Top of Task inputs

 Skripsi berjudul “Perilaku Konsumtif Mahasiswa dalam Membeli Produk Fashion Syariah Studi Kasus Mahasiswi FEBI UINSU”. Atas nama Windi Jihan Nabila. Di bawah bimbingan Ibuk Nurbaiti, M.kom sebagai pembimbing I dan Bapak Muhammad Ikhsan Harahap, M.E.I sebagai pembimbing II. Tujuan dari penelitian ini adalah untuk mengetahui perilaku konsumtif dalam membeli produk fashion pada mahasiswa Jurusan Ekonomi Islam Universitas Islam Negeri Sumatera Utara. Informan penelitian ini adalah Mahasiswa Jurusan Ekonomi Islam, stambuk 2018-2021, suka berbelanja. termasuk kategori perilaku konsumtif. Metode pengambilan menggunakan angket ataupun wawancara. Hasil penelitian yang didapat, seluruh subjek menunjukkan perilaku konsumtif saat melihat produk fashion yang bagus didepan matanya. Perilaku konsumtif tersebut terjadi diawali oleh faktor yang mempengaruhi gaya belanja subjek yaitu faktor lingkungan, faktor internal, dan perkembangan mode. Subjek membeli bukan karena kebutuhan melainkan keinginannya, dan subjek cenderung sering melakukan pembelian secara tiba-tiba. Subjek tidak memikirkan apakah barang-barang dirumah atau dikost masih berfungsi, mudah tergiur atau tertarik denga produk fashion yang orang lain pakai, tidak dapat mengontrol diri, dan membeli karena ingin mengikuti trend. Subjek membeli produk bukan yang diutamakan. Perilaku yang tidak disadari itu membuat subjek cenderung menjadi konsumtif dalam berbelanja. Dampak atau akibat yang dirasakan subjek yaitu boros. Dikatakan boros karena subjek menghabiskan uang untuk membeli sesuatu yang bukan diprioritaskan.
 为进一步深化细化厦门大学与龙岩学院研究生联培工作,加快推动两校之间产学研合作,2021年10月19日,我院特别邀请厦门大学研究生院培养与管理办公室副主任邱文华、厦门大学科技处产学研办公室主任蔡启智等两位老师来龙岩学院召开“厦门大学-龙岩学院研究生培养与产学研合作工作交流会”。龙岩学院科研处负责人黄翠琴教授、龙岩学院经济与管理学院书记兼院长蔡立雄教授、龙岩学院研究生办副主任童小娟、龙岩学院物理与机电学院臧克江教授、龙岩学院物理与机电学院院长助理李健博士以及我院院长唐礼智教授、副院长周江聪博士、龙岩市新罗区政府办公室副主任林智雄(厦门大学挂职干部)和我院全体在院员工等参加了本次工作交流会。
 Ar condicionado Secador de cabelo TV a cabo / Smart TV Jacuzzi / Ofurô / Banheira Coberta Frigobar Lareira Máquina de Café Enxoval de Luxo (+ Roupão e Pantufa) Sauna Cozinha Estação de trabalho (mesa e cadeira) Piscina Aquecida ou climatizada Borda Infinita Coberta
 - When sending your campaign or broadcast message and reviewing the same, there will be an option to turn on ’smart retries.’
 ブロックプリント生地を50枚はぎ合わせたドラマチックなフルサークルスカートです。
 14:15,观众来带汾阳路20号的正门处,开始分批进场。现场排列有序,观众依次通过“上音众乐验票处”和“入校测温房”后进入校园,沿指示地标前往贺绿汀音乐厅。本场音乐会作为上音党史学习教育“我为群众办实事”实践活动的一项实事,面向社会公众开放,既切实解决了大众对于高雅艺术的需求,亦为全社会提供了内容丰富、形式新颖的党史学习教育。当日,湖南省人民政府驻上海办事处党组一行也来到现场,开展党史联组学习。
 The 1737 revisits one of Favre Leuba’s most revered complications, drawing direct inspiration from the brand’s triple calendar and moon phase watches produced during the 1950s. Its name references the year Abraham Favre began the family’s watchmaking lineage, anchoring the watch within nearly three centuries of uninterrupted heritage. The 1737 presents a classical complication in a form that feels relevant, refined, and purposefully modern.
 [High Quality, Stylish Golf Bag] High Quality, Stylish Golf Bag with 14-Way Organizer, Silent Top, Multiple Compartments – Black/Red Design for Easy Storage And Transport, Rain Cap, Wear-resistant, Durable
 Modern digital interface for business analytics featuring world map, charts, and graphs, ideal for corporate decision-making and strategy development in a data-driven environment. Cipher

Bottom of Task inputs

▶ Try it
The answer consists only of the lines from the one containing "[High Quality, Stylish" to the end of the records, each written out exactly.

▶ Result for this task
 [High Quality, Stylish Golf Bag] High Quality, Stylish Golf Bag with 14-Way Organizer, Silent Top, Multiple Compartments – Black/Red Design for Easy Storage And Transport, Rain Cap, Wear-resistant, Durable
 Modern digital interface for business analytics featuring world map, charts, and graphs, ideal for corporate decision-making and strategy development in a data-driven environment. Cipher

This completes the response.